Items listed in a dataset

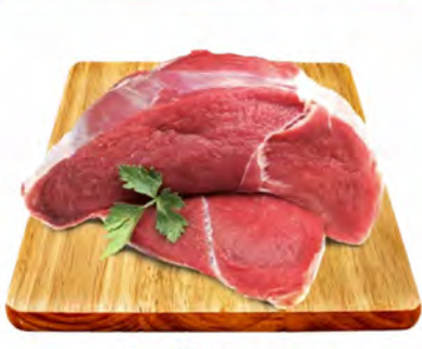
COXÃO DURO (PONTA DE ALCATRA) KG
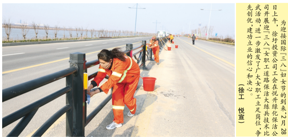
为迎接国际“三八”妇女节的到来,2月28日上午,徐圩投资公司工会在悦升绿化保洁公司开展“三八”女职工道路保洁大练兵比武活动,进一步激发了广大女职工立足岗位,争先创优,建功立业的信心和决心。(徐工 悦宣)
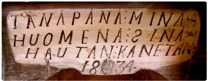
"Tänään minä, huomenna sinä, hautaan kannetaan", on kirjattu ruumiinkantopaareihin vuodelta 1834.
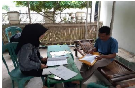
Gambar 1 Koordinasi dengan Ketua UPR Mitra Mina Sejahtera

survei ke lokasi mitra disajikan pada Gambar 1.
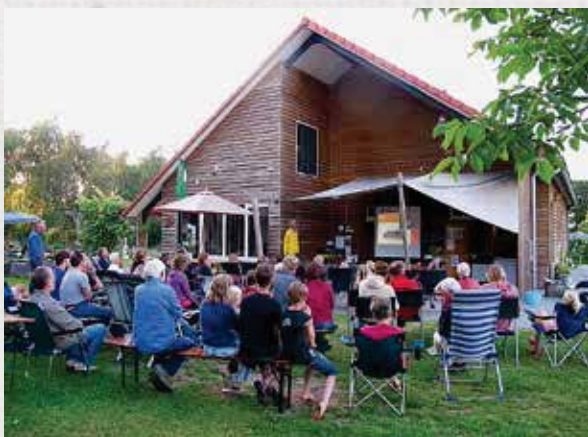
Lezing voorafgaand aan het nachtvlinders.

en-zoutvlinder ( Biston betularia ) / blauwooggrasmot ( Agriphila straminella , beide 25). Iedereen vraagt altijd naar de meest bijzondere vlinder. Was dat nu de tweestreepgrasuil ( Mythimna turca ) die als zuidelijke soort voor het eerst de Overijsselse Reest bereikte op Landgoed Vilsteren? Of was het de tweekleurige tandvlinder ( Leucodonta bicoloria ) op dezelfde plek? De witvlekbosrankspanner ( Melanthia procellata ) in Vaals? De brummelspanner ( Mesoleuca albicillata ) in Buurse? Of toch die drie paddenstoeluiltjes ( Parascotia fuliginaria ) in Boyl, Sellingen en Nederhemert-Zuid? De complete soortenlijst van alle 39 locaties is te groot voor dit artikel. U kunt hem vinden rechts op de startpagina van www.nachtvlindersnacht.nl .
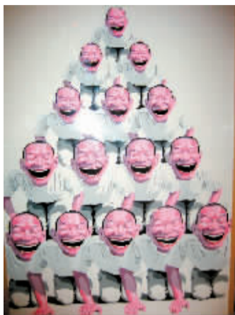
岳敏君《金字塔》版画
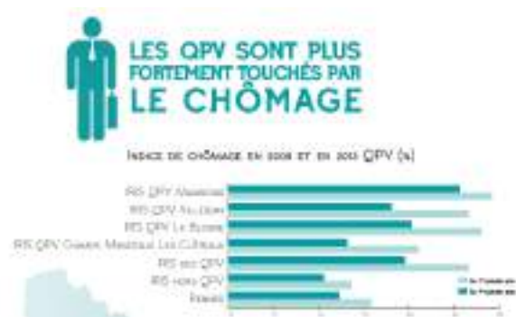
Figure 3 : Graphique sur la situation du chômage au sein des QPV du territoire de Rennes

L'analyse des données exploitées par l'APRAS révèle que l'indice de chômage estimé est nettement supérieur sur les quartiers prioritaires au reste du territoire de la ville de Rennes. Les Iris 59 des QPV enregistrent « un indice de chômage global de 25% contre 13% en France métropolitaine en 2013 » 60 . Ce même indice a atteint en 2023, 27% sur les Iris des QPV Rennais contre 13% sur Rennes.
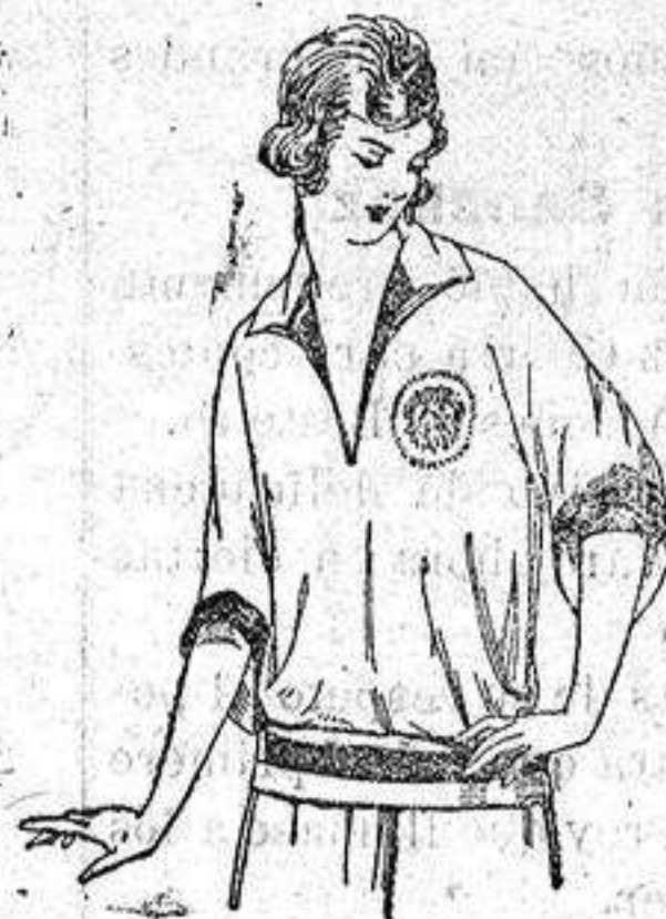
Blusas tricot de seda en negro y colores moda. a ptas. 39
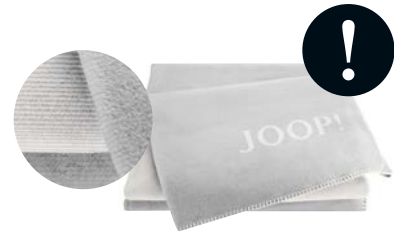
Stein-Silber Art.-Nr. 758736
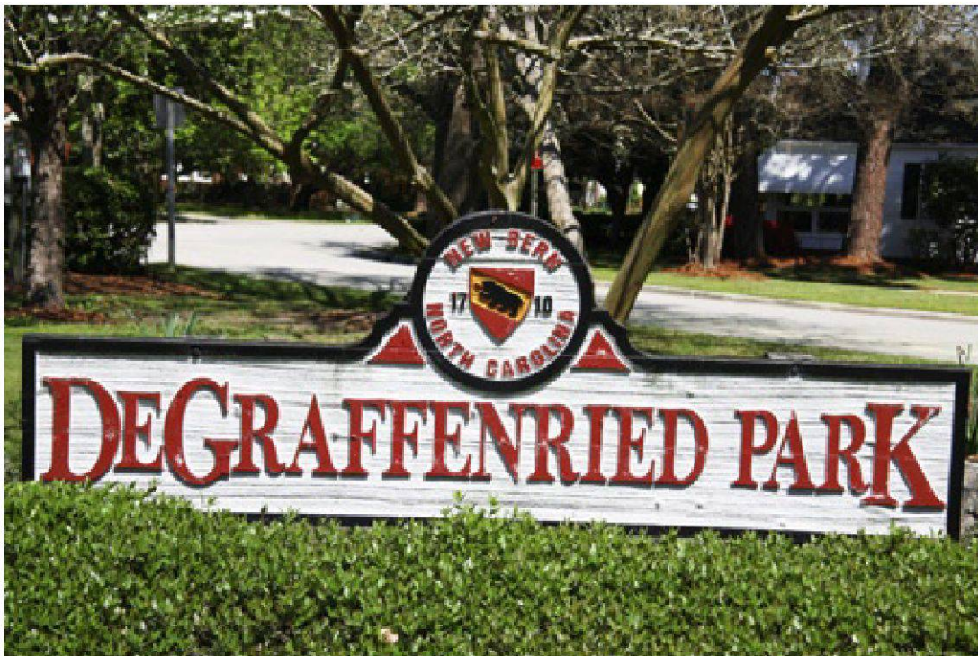
Abb. 15 Sogar ein Park erinnert an den Stadtgründer Christoph von Graffenried. – Tryon Palace Historic Sites & Gardens, New Bern.

Auch wenn die Stadt durch die Indianerkriege beinahe vollständig zerstört und der grösste Teil der Bewohner vertrieben worden war, erlebte New Bern im Verlauf des 18. Jahrhunderts nach seinem Wiederaufbau einen bemerkenswerten Aufschwung. 70 Abwechselnd mit anderen Orten wurde New Bern Hauptstadt des nördlichen Teils der Kolonie Carolina (ab 1729 North Carolina). 1766 machte der königliche Gouverneur William Tryon New Bern definitiv zur Kapitale der Kolonie und liess in den folgenden Jahren den heute noch bestehenden Tryon Palace erbauen. Im Sezessionskrieg spielte New Bern nur eine untergeordnete Rolle, auch wenn North Carolina in
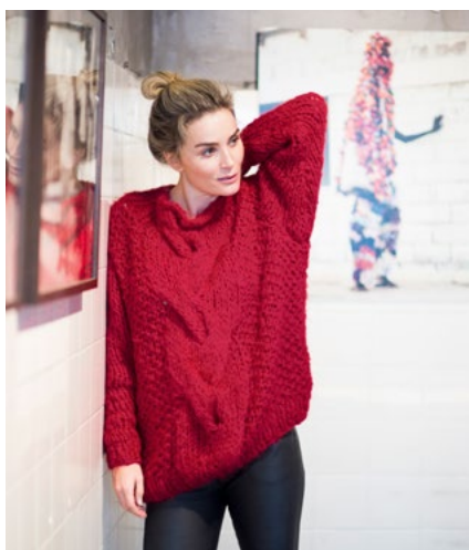
SE OGSÅ CP-25A HENRIETTE OLAVA Rød 907, FNUGG Rød 907

På camillapihlstrikk.no finner du alle de fantastiske fargene i garnene PIHLROS, FNUGG og OLAVA. Bla i fargekartet og finn dine favoritter. Finner du ikke garnet og fargene i din nærbutikk? Nå kan du bestille alle garntypene direkte i vår nettbutikk: www.hoy.no
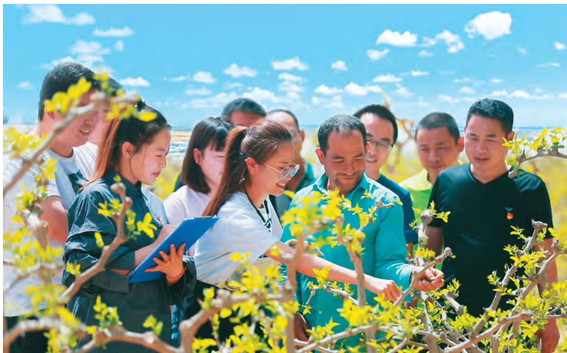
和田市年轻干部深入基层与林果业技术骨干共同探讨红枣树品种改良。
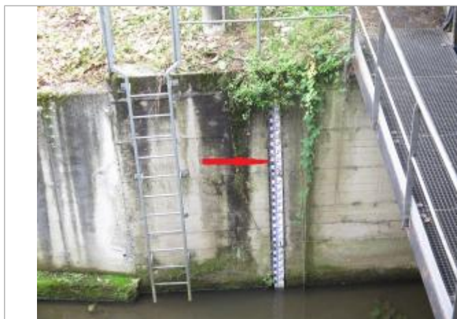
Echelle limnimétrique de la station de Vitré Bas Pont

SOURCE DE REPÉRAGE : SPC VILAINE COTIERS BRETONS - 08/12/2016

→ AIM OF THE TASK
Print, exactly, each line above from the one with "survei ke lokasi" to the one with "Lezing voorafgaand aan het nachtvlinders.", end lines included. Leave pictures out of it.

→ SOLUTION TO THIS PROBLEM
survei ke lokasi mitra disajikan pada Gambar 1.
Lezing voorafgaand aan het nachtvlinders.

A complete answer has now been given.